4.2 Enhancing an OLED’s ACR
For an OLED, it shows inherent true black state, leading to an excellent ACR at dark ambient. But this advantage gradually disappears as the ambient light increases, due to the inadequate brightness. To improve that, it needs substantial improvement on OLED materials and device configurations [19, 35]. Another limiting factor is the employed circular polarizer. Through our analysis, this polarizer is broadband but not wide view. Light leakage as high as 40% exists at large oblique angles. To suppress light leakage, the Nz value ( = nx-nz/nx-ny, where nx, ny, and nz are the refractive indices in the x, y, and z directions) of wave-plates should be optimized . Also, negative wavelength dispersion films or other achromatic wave-plates could be implemented [37–39]. Here, we propose a new configuration by replacing the two uniaxial films with new biaxial films, as shown in Fig. 14(a). The physical parameters for these two films are: Biaxial film #1: d = 78.57 µm, nx = 1.5124, ny = 1.5089, nz = 1.50978 @ 550 nm, and biaxial film #2: d = 39.29 µm, nx = 1.5124, ny = 1.5089, nz = 1.51055 @ 550 nm . Clearly, compared to the conventional circular polarizer [Fig. 14(b)], the new circular polarizer shows much suppressed light leakage [Fig. 14(c)]. Within ± 40°, it is less than 2%. The highest light leakage is about 10%. In comparison, it is more than 40% for conventional case.

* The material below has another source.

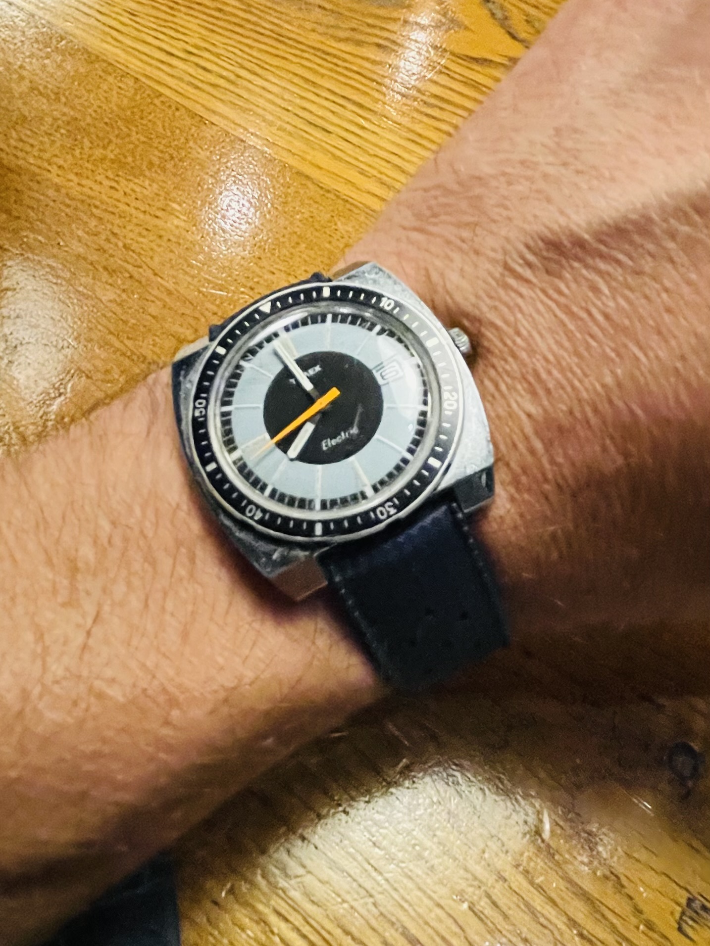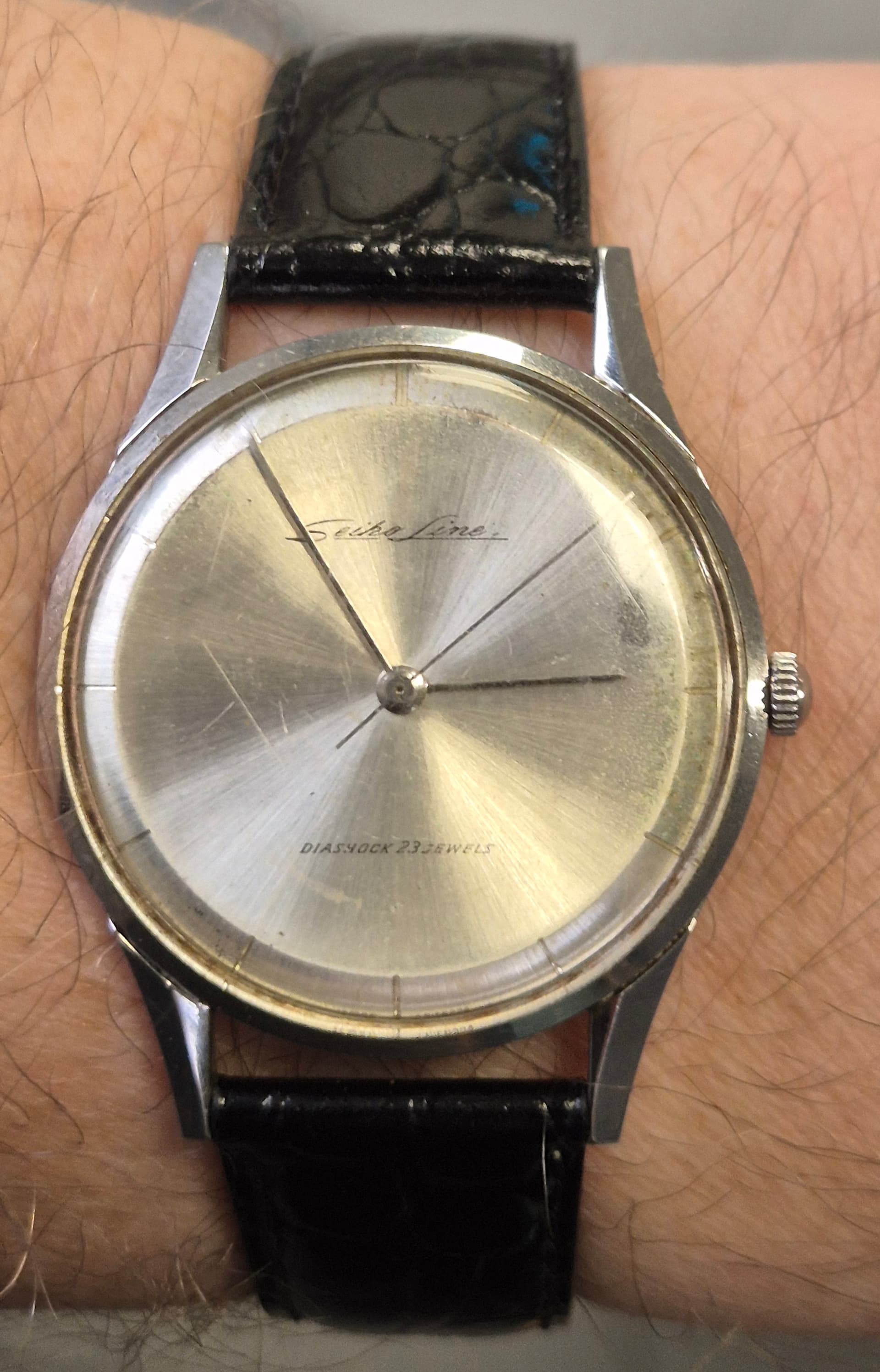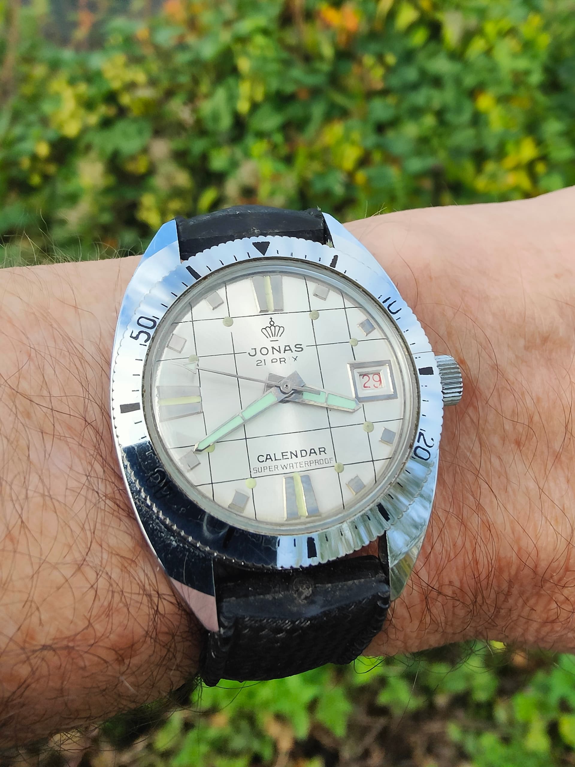 Vandaag draag ik deze Ceuvá uit de jaren ’50. In de kast tikt een FHF 28 H, en de robuuste Spillmann-kast doet zijn werk nog altijd uitstekend. De combinatie van de zwarte wijzerplaat met de koperkleurige rand en vergulde wijzers geeft het horloge een karaktervolle vintage uitstraling.

With the new broadband and wide-view circular polarizer, we plot the ACR for an OLED TV. Results are shown in Fig. 15. The viewing angle is widened significantly, especially in the central region, where ACR ≥ 500 is approaching ± 60° [Fig. 15(b)]. By contrast, if a conventional circular polarizer is used, the viewing cone with ACR ≥ 500 is limited to ± 40° [Fig. 15(a)].
We have analyzed the ambient contrast ratio of LCD and OLED systematically. It is found that high static CR is important in low ambient light conditions. But under strong ambient light, higher brightness is more critical. This gives important guidelines for future display development. The LCD camp should improve its dark state; while OLED camp should improve its peak brightness. Also, the ambient isocontrast contour is plotted under different scenarios. It provides thorough information about LCD and OLED viewing performance. To improve an OLED’s ACR at large oblique angles, we propose a new broadband and wide-view circular polarizer by using two biaxial films. Good performance is demonstrated.
The authors would like to thank Ruidong Zhu for helpful discussion.